Lorsqu’une opération de coup d’accordéon est prévue dans le jugement arrêtant le plan de redressement, la désignation d’un mandataire ad hoc, sur le fondement de l’article 873 du Code de procédure civile, postérieurement à l’arrêté du plan, permet de passer outre l’opposition des associés récalcitrants.
L’arrêt rendu par la Chambre Commerciale de la Cour de cassation le 22 novembre 2023 (n°22-16.362) met en exergue la possibilité ouverte à une société de contrer le pouvoir de nuisances des associés
récalcitrants en sollicitant la nomination d’un mandataire ad hoc, avec pour mission de voter en lieu et place des actionnaires opposants, permettant ainsi la mise en œuvre d’une opération de coup d’accordéon.
Une société dont le capital se décompose en 30 607 actions détenues par plus de 60 actionnaires, est placée en redressement judiciaire, un administrateur judiciaire étant désigné dans le cadre de la
période d’observation.
Un plan de redressement est arrêté prévoyant des mesures de restructuration financières qui consistent en une réduction de capital social à zéro suivi d’une augmentation de capital avec suppression du droit préférentiel de souscription, par l’émission de 100 000 actions ordinaires au profit d’une société tierce.

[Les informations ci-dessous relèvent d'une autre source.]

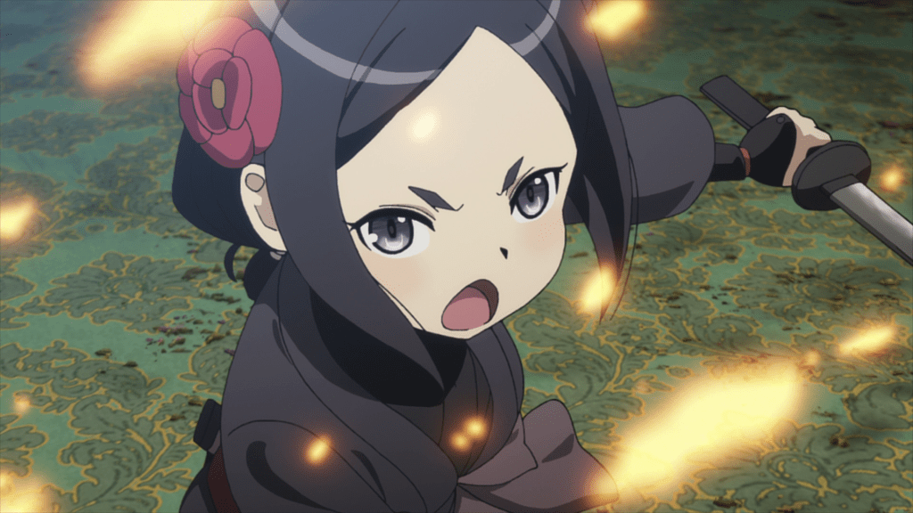I’ll admit that I saw the twist that Jubei is Chise’s father all along coming a mile away but it does work in further developing Chise’s character. By making Jubei the father, PriPri creates a very personal dilemma. Chise has her reasons; she’s dutybound to protect her Lord and it’s mentioned that Jubei is no longer the same man who raised her after becoming an assassin. Nevertheless, Chise still kills her father and despite steeling herself for that, the reality does sink in after she buries him, It’s something to keep in mind as that conflict between her duties and her personal feelings does reappear later in the series.
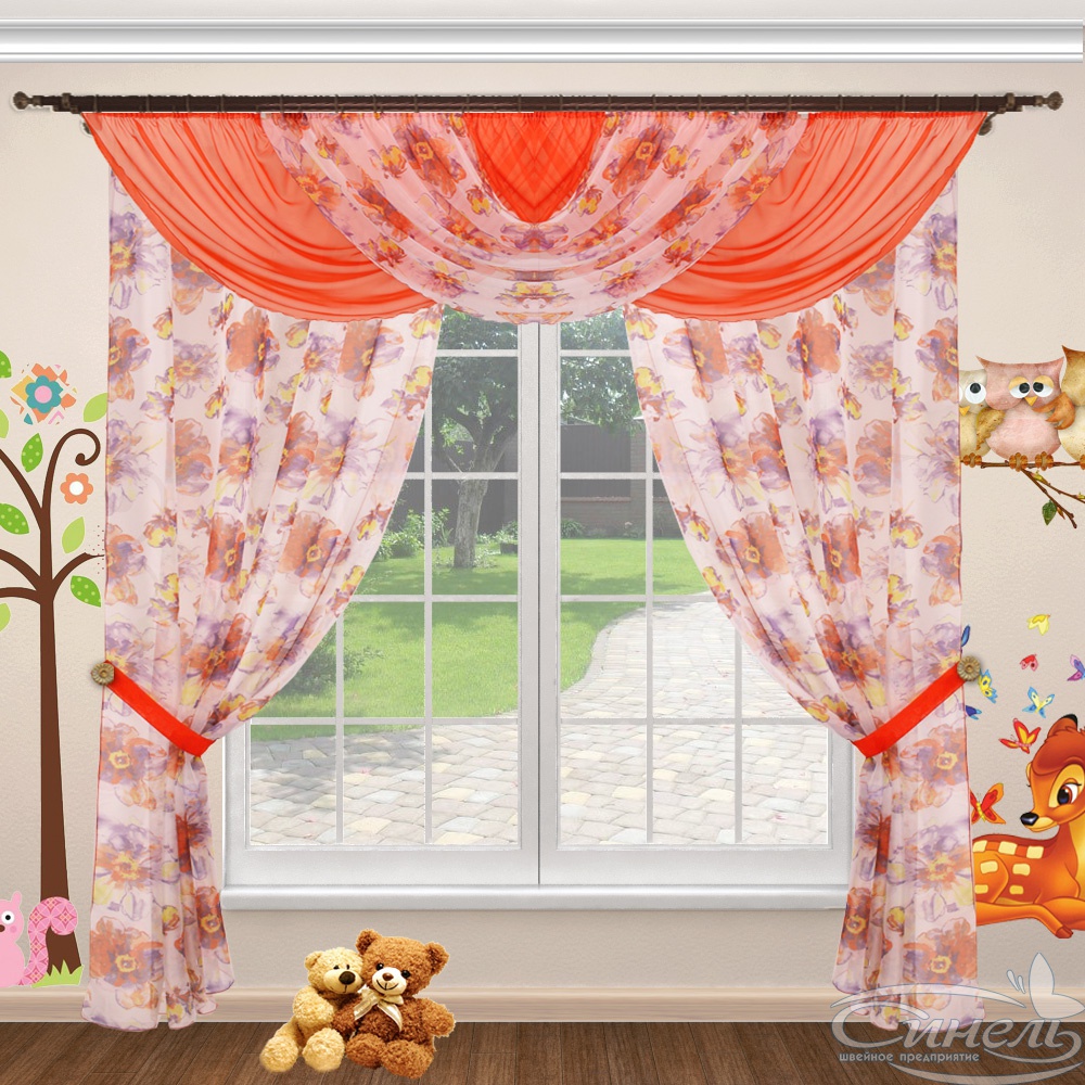 Нарядный и воздушный комплект украсит интерьер любой комнаты.Ламбрекен очень прост в эксплуатации(стягивается на драпировочной ленте). Вывешивается на один или два ряда.Сверху пришита драпировочная лента с петлями для крючков.Подойдёт для любого вида карниза от 1,5 до 3,0м .
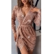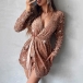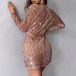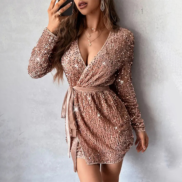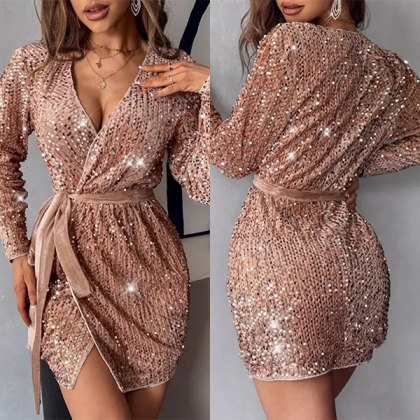 Sexy Bling-bling Sequined V-neck Long Sleeve Side Slit Self-tie Bodycon Party Dress

Par l’effet de la contribution aux pertes, l’opération tend donc à faire perdre aux associés la totalité de leur titre et à les exclure de l’augmentation de capital.
Le jugement arrêtant le plan étant devenu définitif, une assemblée générale est convoquée visant à mettre en œuvre les mesures de restructuration financières prévues dans le plan de redressement. Ces résolutions sont rejetées par les actionnaires en place.
La société les assigne devant le président du Tribunal, statuant en référé, aux fins de voir juger que leur opposition constitue un trouble manifestement illicite qu’il convient de faire cesser puisqu’il expose la société à un dommage imminent (à savoir la liquidation judiciaire).
Elle demande également la désignation un mandataire ad hoc, chargé de voter en lieu et place des actionnaires minoritaires, dans le sens que commande l’intérêt social lors de la prochaine assemblée générale extraordinaire.
Il est fait droit à la demande de la société, raison pour laquelle les actionnaires opposants ont formé un pourvoi en cassation, en invoquant notamment l’article L631-9-1 du Code de commerce.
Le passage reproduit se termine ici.